As palavras da paciente, sem o saber, espelham o ideal tomista de consilium-iudicium-imperium. Não descrevem uma pessoa específica, mas um modo de conduta próprio da clínica cirúrgica: uma forja que modela quem a pratica de maneira reta.
Como Thomas E. Starzl – um dos luminares da medicina transplantadora — observou com sobriedade, a vida de clínicos, cirurgiões e pacientes foram forjadas por essa experiência: alguns se corroeram, outros se sublimaram, mas ninguém permaneceu o mesmo.





Excelente reflexão. A estrutura de Tomás de Aquino (Prudência: Consilium, Iudicium, Imperium) é uma ferramenta poderosa para entender a excelência na medicina, e seu paralelo com a cirurgia é claro. Na cardiologia clínica, essa mesma estrutura se aplica também de alguma forma.
O nosso processo decisório, especialmente diante das escolhas entre clínico, percutâneo e cirúrgico, expande enormemente o estágio do Consilium (Deliberar).
O Consilium e o Heart Team (clínico, hemodinamicista, cirurgião, especialistas em imagem): este é o momento em que o Heart Team atua plenamente. A deliberação envolve a integração de múltiplas variáveis objetivas (escores de risco, fragilidade, balanço trombose/sangramento, por menores das imagens) e a opinião do paciente. É uma fase rica em racionalidade compartilhada, que nos apresenta, muitas vezes, mais de uma opção válida.
O Iudicium Criterioso: Aqui reside o desafio central. O Iudicium (Julgar) exige que o médico, diante de todas as informações técnicas fornecidas (o Consilium), utilize a reta razão para definir o que é o melhor caminho para aquele indivíduo, e não apenas para a doença. A 'arte médica' se manifesta exatamente na incorporação das variáveis subjetivas e na experiência clínica para ponderar os riscos, definindo o juízo justo.
O Imperium e a Carga Moral: No fim, o Imperium (Comandar) é o ato de ordenar a execução do plano (seja ele a manutenção do tratamento clínico, o encaminhamento para a TAVI ou a indicação cirúrgica). Embora a execução técnica possa ser delegada (ao cirurgião, ao hemodinamicista), a Solidão Ontológica reside no médico que validou e ordenou aquela estratégia global de cuidado. A responsabilidade moral pela decisão final é indivisível.

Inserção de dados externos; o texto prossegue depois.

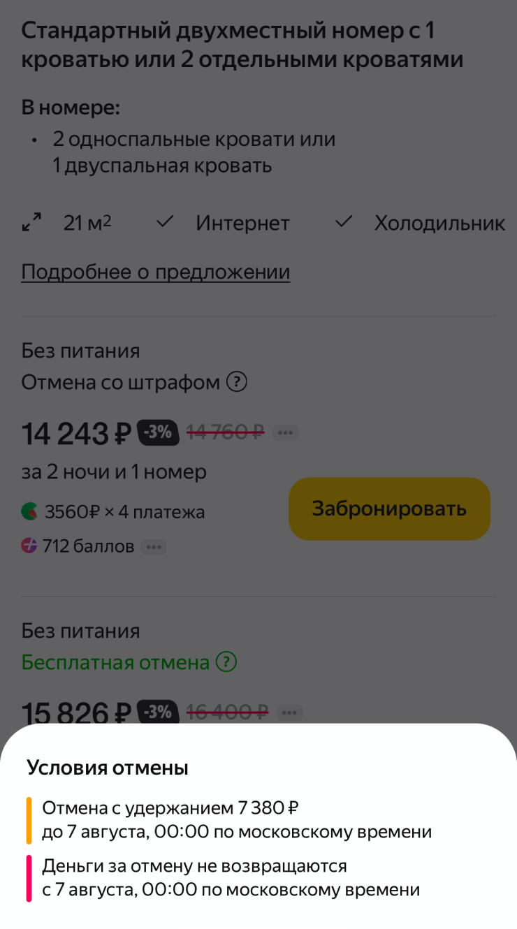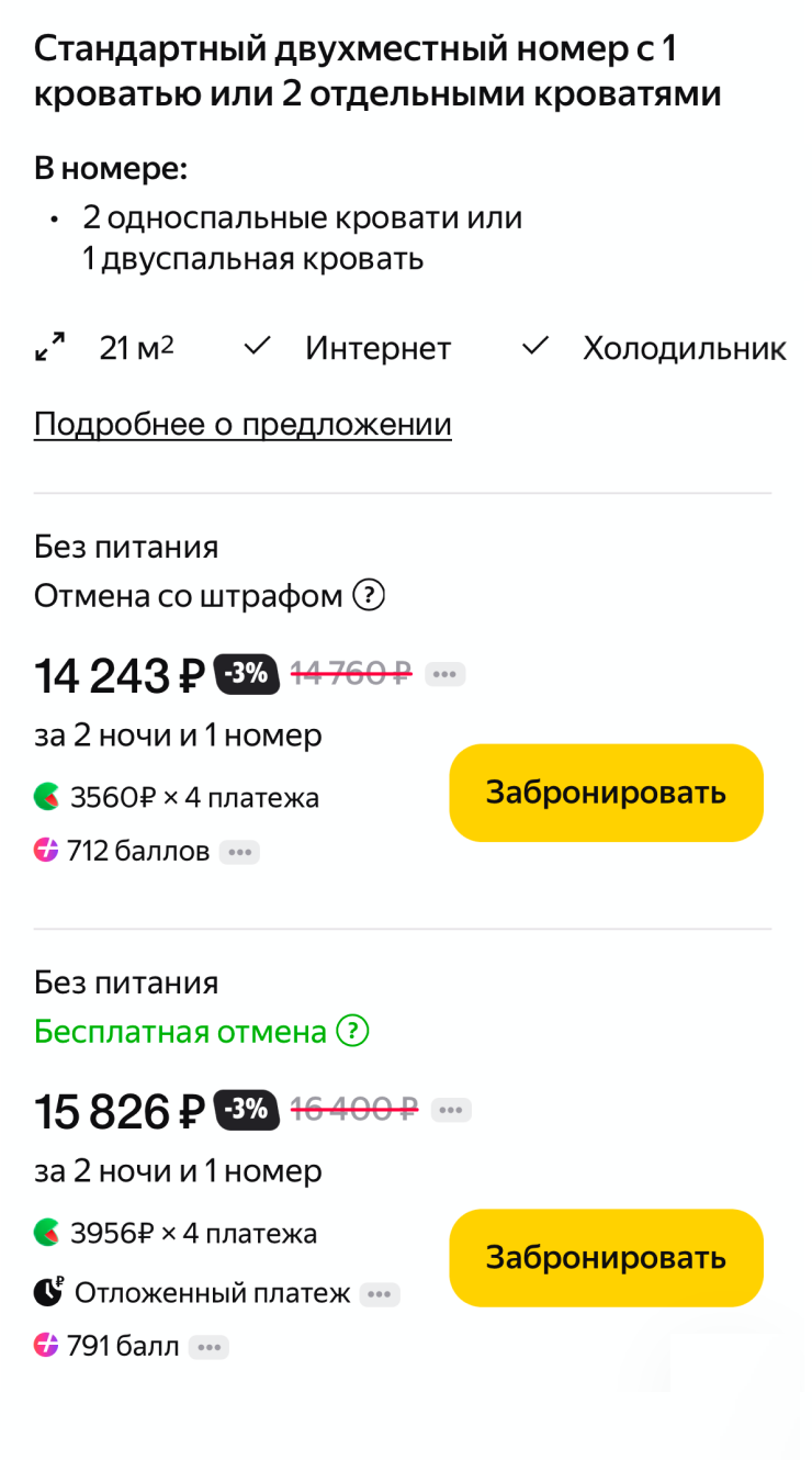А еще стоит сравнить цены между категориями номеров. Бывает, что за завтрак просят 2 000 ₽, а в номере классом выше он бесплатный — и разница в стоимости равна тем же 2 000 ₽.

A 'calma' que o paciente percebe é, portanto, a virtude da Prudência em ação: a capacidade de navegar essa imensa complexidade (Consilium e Iudicium) e chegar ao ato final (Imperium) com discernimento e convicção - independente de o desfecho final ter sido positivo ou negativo a decisão precisa ter sido bem fundamentada.